2. Early adopters are not always helpful in identifying the needs of the public

Finding early adopters is a difficult but achievable process. When you bridge the gap between first-time adopters and a general audience, it becomes difficult for a product designer as early adopters may have a passion for certain features that are inconsistent with the features that most users are looking for. .

3. Often times, failure takes as much work as success

The workload of a failed company is usually the same as that of a successful company. That is why it is vital that you enjoy what you are doing, even when you fail.

4. As an entrepreneur, you often have to choose between two equally good ideas

You need to know how to choose in a situation where both options are bright and valuable, and this requires extreme clarity on your mission. If you have a clear mission and all of your employees know where they are on that mission, this can be a valuable tool. It makes it easier to say no to ideas that may be valuable but are not right in the moment.

5. During the growth process, you may need to say goodbye to the people who helped build your business.

Often there is no other option, and that’s because you can’t run a large company based on the infrastructure of a 20-person startup. Some people may be up to the challenge while others are more successful in a smaller organization.

6. You have time in your twenties to experiment with jobs and find your passions

Don’t worry so much about your career path at this early stage. Focus on the moment rather than where you will be in 20 years.

7. Customers use carpools for different reasons than in the pre-COVID-19 world

Waze’s business has resumed its pace following the changes due to COVID-19, Bardin said, but passengers now need short trips, occasional trips and errands rather than commuting to work.
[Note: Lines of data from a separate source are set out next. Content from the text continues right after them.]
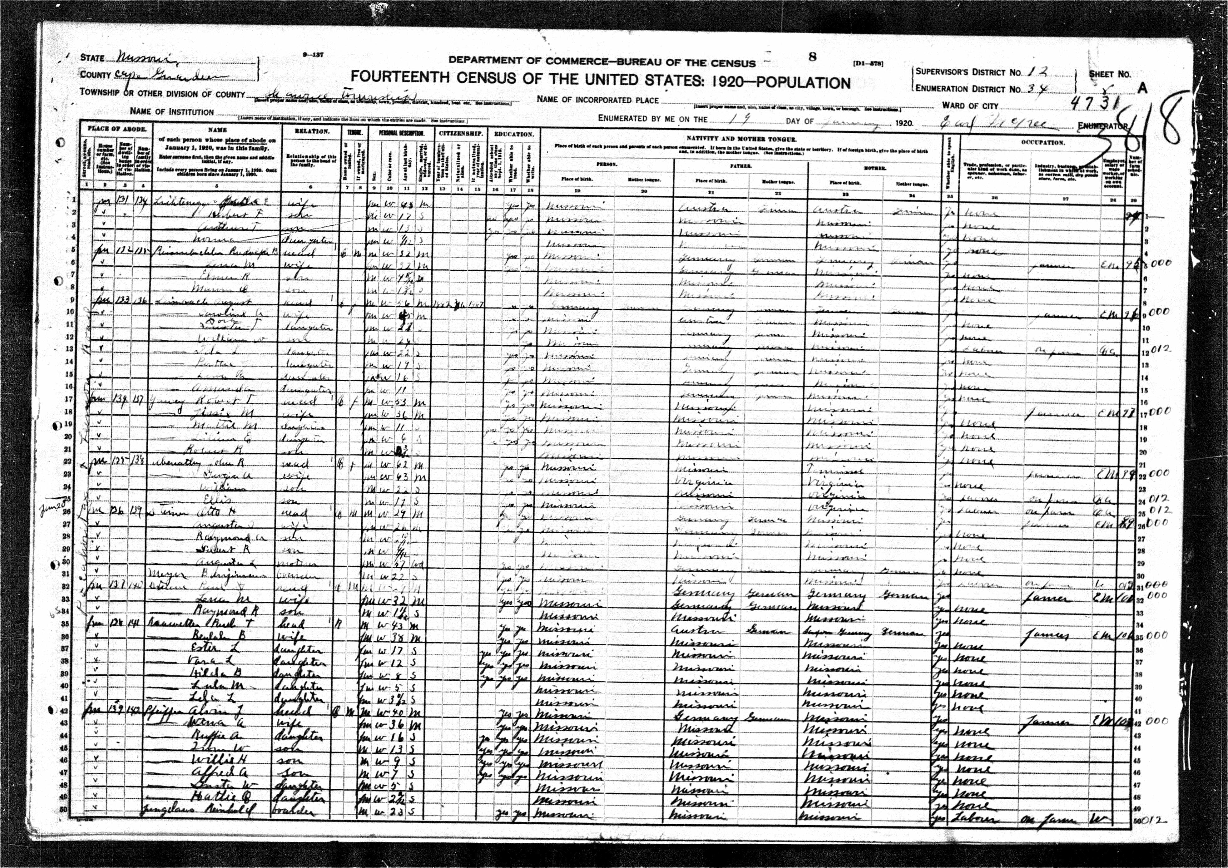 Missouri, Supervisor's District 12, Enumeration District 34, Sheet 8A, Lines 17-21
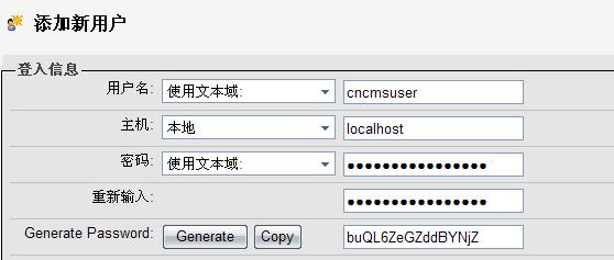 如上图,我们填写了用户名为:cncmsuser,该数据库用户只允许本机访问,主机一项选择本地;密码我们使用自动生成的,点下面的“Generate”会生成一个随机密码,然后点“Copy”会自动填写到密码框中。
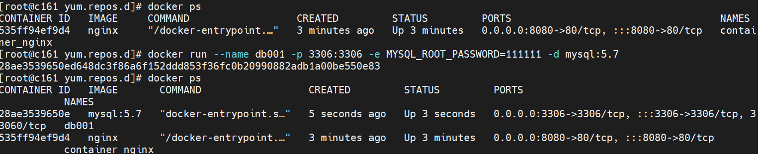 #查看已经运行的的所有容器,启动mysql的docker容器,容器名字叫:db001,mysql的root用户密码是:mytest,映射宿主机子的端口3306到容器的端口3306,仓库名mysql和标签(tag)唯一确定了要指定的镜像,其实如果这里只有一个mysql也有必要要tag

Google bought Waze in June 2013 / Image: Depositphotos.com

8. Autonomous vehicles are the biggest technical challenge of this generation and it will take us a while to get there

This technology has to be 100 percent all or nothing. Self-driving cars, in which there is often only one person driving, inevitably generate even more traffic. Carpooling remains a remedy.

9. Promoting carpooling is a social and community problem that is essentially about getting people to get along

Social interaction in a car pool can also be beneficial. Waze wants to be the company that knows how to maximize carpooling. Rideshare is about people doing their job as drivers. Carpooling is used by people who are already driving.

10. Vehicle sharing has social benefits

Waze wants to focus on carpooling for long journeys as the cost advantage here is dramatic – about a quarter of the cost of carpooling. Carpool groups are made up of people in the same area walking in the same direction every day, and the sense of community between these groups will grow as they begin to look after each other.

Noam Bardin’s vision for the future of Waze ride-sharing makes you believe that with the advent of autonomous vehicles, driving trends will change dramatically, even for those who are still driven by humans. I recommend watching the full one hour webinar. For every tip I shared above, there are five more you won’t want to miss.